Марго, которая всегда держала свою фигуру «в узде», под строгим контролем, решила кормить дочь грудью, жертвуя и талией, и бюстом ради крошки.

С рождением дочери она отдалилась от мужа окончательно: получив то, чего так страстно желала, в муже она совсем перестала нуждаться. Всю нерастраченную любовь и нежность Маргарита целиком отдавала своей маленькой доченьке, которой она не могла надышаться.

Колыбельку из натурального розового дерева, похожую скорее на дорогой сувенир, она привезла из Грузии, где отдыхала месяц перед родами. Говорили, что если последние месяцы перед рождением ребенка мать отдыхает в экзотическом месте, плавает, загорает и пьет натуральные соки, то ребенок родится не только абсолютно здоровым, но и сказочно красивым. Веря в это, Маргарита «отрывалась» на лучшем черноморском курорте, как говорится, по полной программе.

А коляска у Любочки была просто чудом техники и произведением искусства! Мама не жалела денег, покупая вороха великолепных импортных одежек для крохи! А когда гуляла с дочерью, не скрывала своего удовлетворения, ловя восхищенные взгляды окружающих. Гордость за сотворенное «чудо» просто распирала ее!

Маргарита была любящей и заботливой матерью. Несмотря на постоянную занятость, она всегда находила время для дочери и уделяла ей внимание, так необходимое каждому ребенку. Она старалась уберечь и защитить дочь от всего негативного и мерзкого, что, к сожалению, на каждом шагу обрушивается на нас и наших детей.

Любочка училась в лучшей школе, – одной из первых частных школ города. Мама с азартом игрока оплачивала то лингвистический кабинет, то балетную студию, то теннисный корт. Любочка особенно не блистала в учебе, но и в отстающих никогда не была. Маргарите очень хотелось, чтобы ее дочь, была самой лучшей во всем, и за золотую медаль для дочери она раскошелилась на кругленькую сумму, чем снискала непомерную любовь директрисы школы.

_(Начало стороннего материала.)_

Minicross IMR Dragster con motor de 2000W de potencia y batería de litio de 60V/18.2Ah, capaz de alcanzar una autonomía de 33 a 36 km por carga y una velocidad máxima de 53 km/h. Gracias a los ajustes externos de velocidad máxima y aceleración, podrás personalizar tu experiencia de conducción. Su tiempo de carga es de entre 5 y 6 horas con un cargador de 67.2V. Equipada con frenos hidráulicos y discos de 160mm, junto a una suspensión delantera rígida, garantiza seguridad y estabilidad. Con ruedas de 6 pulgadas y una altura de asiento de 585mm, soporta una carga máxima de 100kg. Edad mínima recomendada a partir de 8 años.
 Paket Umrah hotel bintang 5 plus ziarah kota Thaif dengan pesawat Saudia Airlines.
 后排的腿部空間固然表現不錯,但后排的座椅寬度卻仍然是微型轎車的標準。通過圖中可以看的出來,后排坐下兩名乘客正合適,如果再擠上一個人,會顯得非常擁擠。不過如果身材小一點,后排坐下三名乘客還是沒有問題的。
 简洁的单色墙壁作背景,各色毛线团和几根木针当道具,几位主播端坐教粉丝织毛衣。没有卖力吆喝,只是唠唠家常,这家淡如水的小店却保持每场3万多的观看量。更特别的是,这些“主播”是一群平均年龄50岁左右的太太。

Любочка взрослела стремительно, вырастая из дорогих детских шубок и облачаясь в еще более дорогие меха, кожи и коттон.



Любочку причисляли к «золотой молодежи», хотя она сама себя таковой не считала. Ей всегда было всего мало! Выросшая в абсолютной любви, не знающая нужды и отказов ни в чем, она привыкла получать и брать, произнося только одно волшебное слово: «мусик». Она никогда не называла Маргариту мамой, считая это слово плебейским и каким-то обыденным. Ласковое «мусик» казалось ей родней и ближе. Любочка очень гордилась своим «мусиком» и всех своих друзей водила к ней в офис, расположенный в центре города, в одном из красивейших немецких особняков. И там гордо представляла почему-то не друзей Маргарите, а ее друзьям: «Знакомьтесь, это мой мусик!», – и счастливая уходила вся в друзьях и со всех сторон обласканная вниманием.

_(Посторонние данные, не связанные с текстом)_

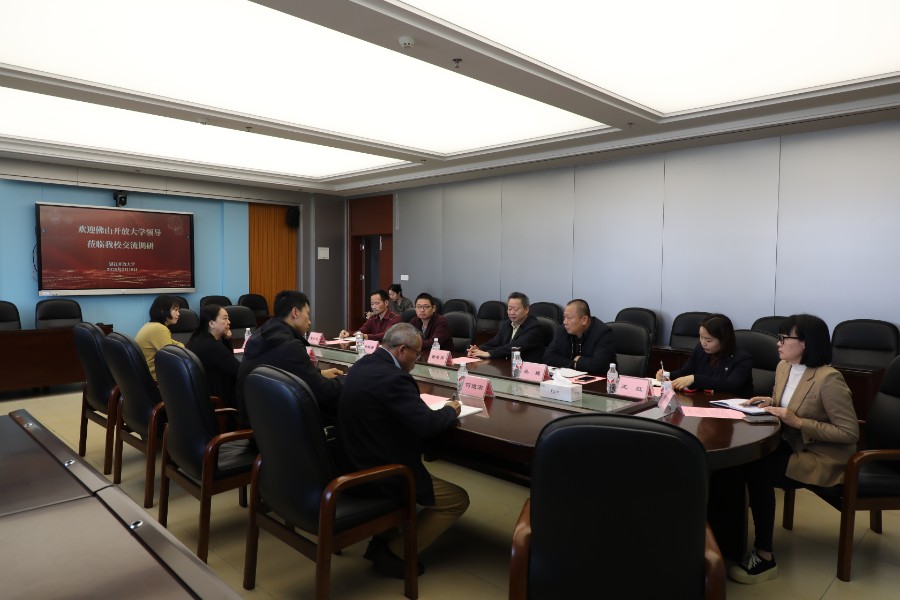 为推进学校进一步转型发展,拓宽学历教育晋升通道,3月10日下午,佛山开放大学党委书记苗磊,党委委员、副校长余涛一行5人到我校交流调研。我校党委书记、校长黄华兵同志和党委委员、副校长吴瑾,党委委员、副校长余扬奎及相关部门领导参加了座谈交流。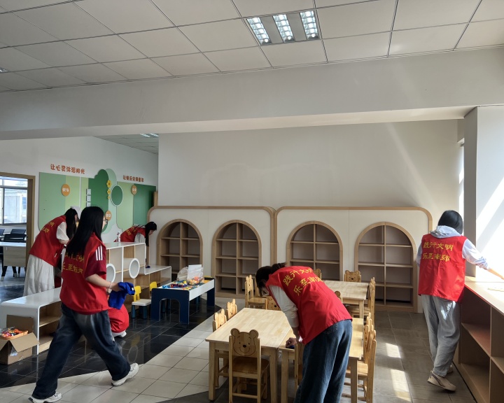 在社区养老中心,学生志愿者们对房间的地面、桌椅等进行全面清扫和整理以耐心细致和努力为老人们提供一个清新整洁的生活环境。

Каждый раз после таких визитов, вес ее в кругу молодежи заметно возрастал. Ее уважали и с ней считались. Дети уважают успешных родителей и их заслуги приписывают себе.

С отцом у Любочки отношения как-то не складывались: то ли потому что он подолгу отсутствовал, пока она росла, то ли потому что ей хотелось, чтобы отец был капитаном, как у прыщавой подружки Нади, а не простым механиком, но скорее – потому что главной в семье всегда была мама и от отца ничего не зависело. Только однажды произошло то, о чем она будет жалеть всю жизнь…

…Время летело стремительно, – разрушая и созидая, рождая одних и убивая других. Огромная Россия развалилась на глазах. Менялись лидеры. Менялась политика. Идеалы и ценности, которые вкладывались в мозги с детства, были не только развенчаны, но и опошлены новой политикой власти так, что слово «советский» произносить стало как-то стыдно. Частный бизнес напористо вытеснял слабые государственные структуры, улицы пестрели иностранными вывесками, всем правили деньги, на законы никто не обращал внимания. Владелец помещения, где Маргарита содержала свой небольшой ресторанчик, поднял арендную плату так, что дальнейшее развитие оказалось под угрозой, а когда непомерно высокие налоги и поборы приперли к стенке, Маргарита была вынуждена продать свой бизнес заезжим чужакам.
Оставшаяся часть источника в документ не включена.